On a metric symplectization of a contact metric manifold

TL;DR

This paper introduces a unique metric structure on the symplectization of contact metric manifolds, linking curvature properties and manifold classifications within a unified framework.

Contribution

It establishes the existence and uniqueness of the metric symplectization and connects it to the classification of various contact metric manifolds.

Findings

Unique metric structure on symplectization proven

Curvature properties linked to $(ppa, ta)$-nullity condition

Isomorphisms classify manifolds up to D-homothetic transformations

Abstract

In this article, we investigate metric structures on the symplectization of a contact metric manifold and prove that there is a unique metric structure, which we call the metric symplectization, for which each slice of the symplectization has a natural induced contact metric structure.
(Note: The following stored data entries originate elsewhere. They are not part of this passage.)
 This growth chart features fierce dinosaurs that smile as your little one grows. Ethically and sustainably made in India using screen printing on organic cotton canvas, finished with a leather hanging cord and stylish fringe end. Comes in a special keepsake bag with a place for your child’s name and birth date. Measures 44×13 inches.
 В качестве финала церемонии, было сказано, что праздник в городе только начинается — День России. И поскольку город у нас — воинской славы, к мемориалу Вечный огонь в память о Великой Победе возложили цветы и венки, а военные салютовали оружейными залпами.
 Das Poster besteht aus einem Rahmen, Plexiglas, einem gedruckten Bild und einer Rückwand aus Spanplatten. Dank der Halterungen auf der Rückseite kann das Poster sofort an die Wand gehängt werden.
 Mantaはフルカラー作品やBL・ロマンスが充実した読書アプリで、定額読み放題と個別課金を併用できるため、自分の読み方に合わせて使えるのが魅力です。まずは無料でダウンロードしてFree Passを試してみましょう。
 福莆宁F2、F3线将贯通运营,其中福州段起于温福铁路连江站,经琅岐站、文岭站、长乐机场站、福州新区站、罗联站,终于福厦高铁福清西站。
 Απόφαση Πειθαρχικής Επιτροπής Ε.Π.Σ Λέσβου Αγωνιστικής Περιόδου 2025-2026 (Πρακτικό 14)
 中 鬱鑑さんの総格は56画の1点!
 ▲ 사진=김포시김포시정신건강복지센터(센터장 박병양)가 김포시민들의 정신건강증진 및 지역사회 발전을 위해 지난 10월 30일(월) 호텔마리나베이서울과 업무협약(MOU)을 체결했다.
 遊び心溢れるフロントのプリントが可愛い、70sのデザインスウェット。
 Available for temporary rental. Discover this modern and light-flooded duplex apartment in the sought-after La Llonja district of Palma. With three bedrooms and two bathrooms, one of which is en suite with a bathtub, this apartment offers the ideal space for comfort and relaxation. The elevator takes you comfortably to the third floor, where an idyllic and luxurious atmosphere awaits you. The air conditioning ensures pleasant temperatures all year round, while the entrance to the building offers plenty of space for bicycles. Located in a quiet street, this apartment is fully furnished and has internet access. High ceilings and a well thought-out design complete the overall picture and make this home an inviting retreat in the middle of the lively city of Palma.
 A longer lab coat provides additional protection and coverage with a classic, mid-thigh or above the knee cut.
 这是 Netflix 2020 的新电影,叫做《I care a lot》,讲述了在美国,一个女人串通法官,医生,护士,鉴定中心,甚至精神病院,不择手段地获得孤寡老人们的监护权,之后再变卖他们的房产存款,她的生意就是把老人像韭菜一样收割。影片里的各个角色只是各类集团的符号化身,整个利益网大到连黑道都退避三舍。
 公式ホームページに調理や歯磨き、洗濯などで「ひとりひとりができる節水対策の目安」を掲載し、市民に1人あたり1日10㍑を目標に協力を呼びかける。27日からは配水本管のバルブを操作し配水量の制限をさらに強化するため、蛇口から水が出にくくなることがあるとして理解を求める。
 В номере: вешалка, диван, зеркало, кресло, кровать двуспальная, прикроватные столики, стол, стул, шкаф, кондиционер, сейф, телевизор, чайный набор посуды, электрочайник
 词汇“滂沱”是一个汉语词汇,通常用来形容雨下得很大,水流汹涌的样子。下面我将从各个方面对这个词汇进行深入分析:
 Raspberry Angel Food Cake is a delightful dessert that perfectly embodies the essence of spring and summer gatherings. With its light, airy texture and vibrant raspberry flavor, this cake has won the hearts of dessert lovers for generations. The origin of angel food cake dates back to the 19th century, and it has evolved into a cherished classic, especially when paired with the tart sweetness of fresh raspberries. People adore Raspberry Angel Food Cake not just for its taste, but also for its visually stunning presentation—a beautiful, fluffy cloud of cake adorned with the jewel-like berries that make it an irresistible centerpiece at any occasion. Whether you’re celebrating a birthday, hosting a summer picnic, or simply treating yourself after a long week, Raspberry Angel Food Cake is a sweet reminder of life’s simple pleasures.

We then study the curvature properties of this metric structure and use it to establish equivalent formulations of the $(\kappa, \mu)$-nullity condition in terms of the metric symplectization. We also prove that isomorphisms of the metric symplectizations of $(\kappa, \mu)$-manifolds determine $(\kappa, \mu)$-manifolds up to D-homothetic transformations. These classification results show that the metric symplectization provides a unified framework to classify Sasakian manifolds, K-contact manifolds and $(\kappa, \mu)$-manifolds in terms of their symplectizations.